## Problem
Every line with the string "Dress" must be copied from the entries below.
******
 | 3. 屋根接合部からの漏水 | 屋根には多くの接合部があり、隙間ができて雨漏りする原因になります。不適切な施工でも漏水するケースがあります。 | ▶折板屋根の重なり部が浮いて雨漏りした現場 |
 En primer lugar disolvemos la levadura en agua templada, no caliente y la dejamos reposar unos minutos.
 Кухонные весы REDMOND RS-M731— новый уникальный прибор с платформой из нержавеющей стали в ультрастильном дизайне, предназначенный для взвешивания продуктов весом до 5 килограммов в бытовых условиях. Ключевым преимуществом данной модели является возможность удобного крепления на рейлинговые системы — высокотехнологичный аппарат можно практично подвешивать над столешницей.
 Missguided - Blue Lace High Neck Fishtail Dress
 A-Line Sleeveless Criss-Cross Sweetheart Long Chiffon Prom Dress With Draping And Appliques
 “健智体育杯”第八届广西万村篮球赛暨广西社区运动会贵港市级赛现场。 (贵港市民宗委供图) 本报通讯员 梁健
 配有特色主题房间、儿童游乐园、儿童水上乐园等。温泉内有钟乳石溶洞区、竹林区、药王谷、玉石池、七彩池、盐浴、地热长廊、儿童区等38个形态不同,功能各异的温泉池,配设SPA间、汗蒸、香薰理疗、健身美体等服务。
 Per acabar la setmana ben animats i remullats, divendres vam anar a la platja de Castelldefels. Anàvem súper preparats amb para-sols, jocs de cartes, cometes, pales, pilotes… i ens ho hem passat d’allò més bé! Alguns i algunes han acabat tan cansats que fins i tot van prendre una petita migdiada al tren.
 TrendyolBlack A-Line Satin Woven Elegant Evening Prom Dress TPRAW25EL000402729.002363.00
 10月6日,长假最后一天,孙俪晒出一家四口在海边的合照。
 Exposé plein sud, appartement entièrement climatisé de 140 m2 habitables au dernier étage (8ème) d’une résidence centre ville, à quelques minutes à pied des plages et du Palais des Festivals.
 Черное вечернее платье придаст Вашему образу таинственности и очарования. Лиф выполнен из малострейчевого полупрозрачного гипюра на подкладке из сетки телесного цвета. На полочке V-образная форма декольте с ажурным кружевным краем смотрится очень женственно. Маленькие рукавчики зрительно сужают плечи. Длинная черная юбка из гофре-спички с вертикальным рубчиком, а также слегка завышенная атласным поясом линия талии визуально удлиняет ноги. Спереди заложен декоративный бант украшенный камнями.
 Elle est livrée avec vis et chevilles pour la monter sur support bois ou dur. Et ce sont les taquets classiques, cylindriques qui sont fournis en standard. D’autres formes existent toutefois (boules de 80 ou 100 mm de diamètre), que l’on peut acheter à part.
******
## Solution for this problem
 Missguided - Blue Lace High Neck Fishtail Dress
 A-Line Sleeveless Criss-Cross Sweetheart Long Chiffon Prom Dress With Draping And Appliques
 TrendyolBlack A-Line Satin Woven Elegant Evening Prom Dress TPRAW25EL000402729.002363.00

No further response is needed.